We sought to validate feedback generated by an AI-enabled case-based learning (CBL) platform compared to feedback from expert faculty scorers.
CBL is integrated into many medical curricula. Large language models (LLM) may provide a means to augment standard CBL pedagogical approaches with patient-like interactions. Further, LLMs have the potential to both simulate patient encounters and offer real-time feedback and coaching.
Five LLM-based interactive cases were undertaken by four student investigators to generate twenty cases for feedback. In each case, learners assumed the role of the evaluating clinician, eliciting history, performing a physical exam, and ordering diagnostic testing. Feedback was provided by an LLM and two human faculty experts. The feedback was evaluated using various metrics including word length, reference to provided key clinical points, and two previously validated scores for feedback quality–the QuAL and EFeCT. These scores were completed by two neurologists.
LLM and human expert feedback were similar in terms of word length and number of sentences. In the feedback provided, the LLM commented on 20/20 (100%) aspects of the key learning points, compared to 39/60 (65%) for the human experts. Faculty evaluation of the feedback pertaining to history taking skills (HPI) demonstrated higher QuAL and EFeCT scores for the LLM than for the human experts (P < 0.001). When evaluating assessment and plan (A&P) related feedback, no differences were found between AI and human feedback according to faculty scorers.

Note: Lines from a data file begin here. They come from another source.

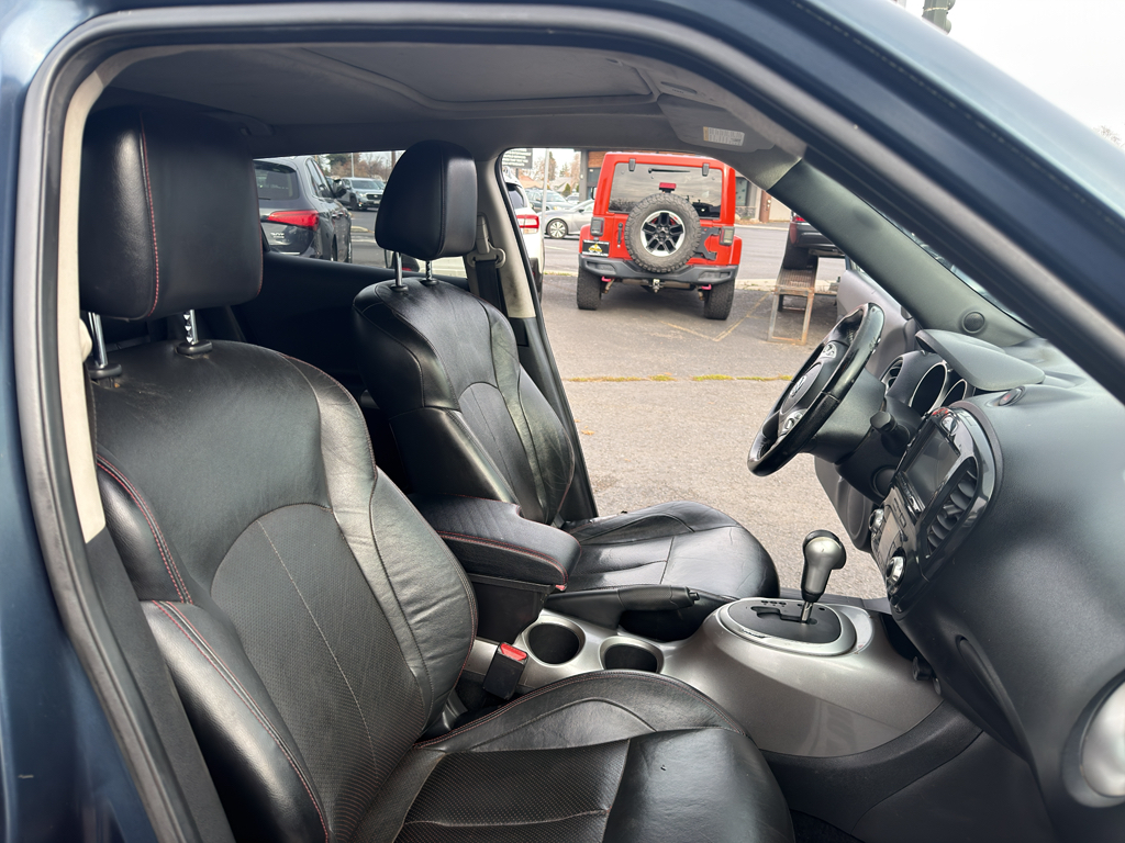 Step inside the premium leather seats and enjoy a refined cabin experience. The integrated navigation system keeps you on course, while the back-up camera makes parking and tight maneuvers effortless. Stay connected hands-free with Bluetooth for calls and audio streaming, adding convenience and safety on every drive. Premium wheels enhance the Nissan Juke's distinctive look and contribute to a poised, composed ride.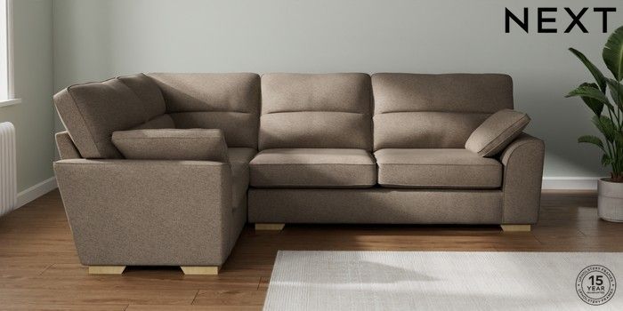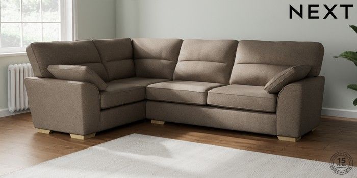 7.2.10 Stamford Highback Large Corner Sofa - Left Hand Chunky Weave Dark Natural Large Square Angle - Light | Made Click here to use our website with more accessibility support, for example screen readers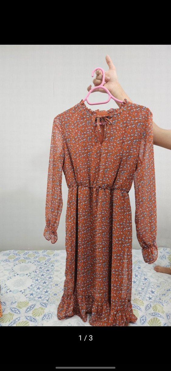 Uzun Kollu Çiçek Desenli Elbise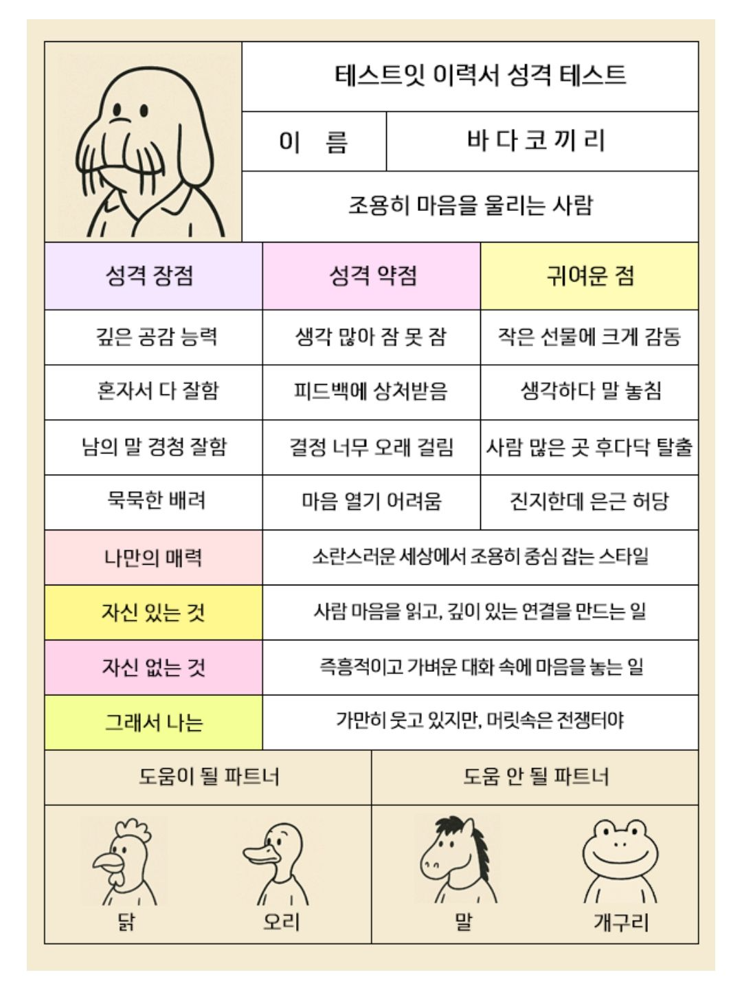 저는 바다코끼리가 나왔네요. 또 한 번 더 해봐도 똑같이 바다코끼리가 나와요. 조용히 마음을 울리는 사람이래요. 사람 많은 곳 후다닥 탈출은 진짜 맞아요.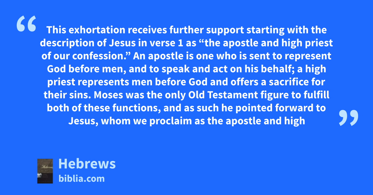 This exhortation receives further support starting with the description of Jesus in verse 1 as “the apostle and high priest of our confession.” An apostle is one who is sent to represent God before men, and to speak and act on his behalf; a high priest represents men before God and offers a sacrifice for their sins. Moses was the only Old Testament figure to fulfill both of these functions, and as such he pointed forward to Jesus, whom we proclaim as the apostle and high
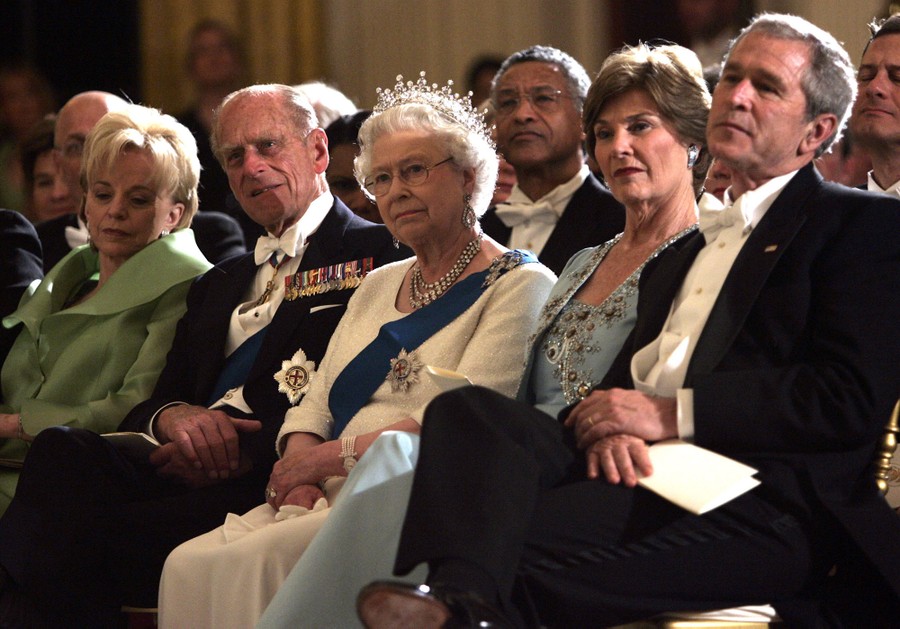 Read moreFrom left: Lynne Cheney, Prince Philip, Queen Elizabeth II, first lady Laura Bush, and President Bush listen to entertainment during a state dinner at the White House on May 7, 2007, in Washington, D.C. #

LLMs can provide feedback to learners on case-based interactions in a manner comparable to human experts. The difference found in expert ratings between LLM and human feedback for HPI skills, but not A&P skills may result from the latter requiring more nuanced grading. A hybrid framework combining LLM-generated feedback with faculty input may offer high quality, equitably accessible, and timely feedback for students.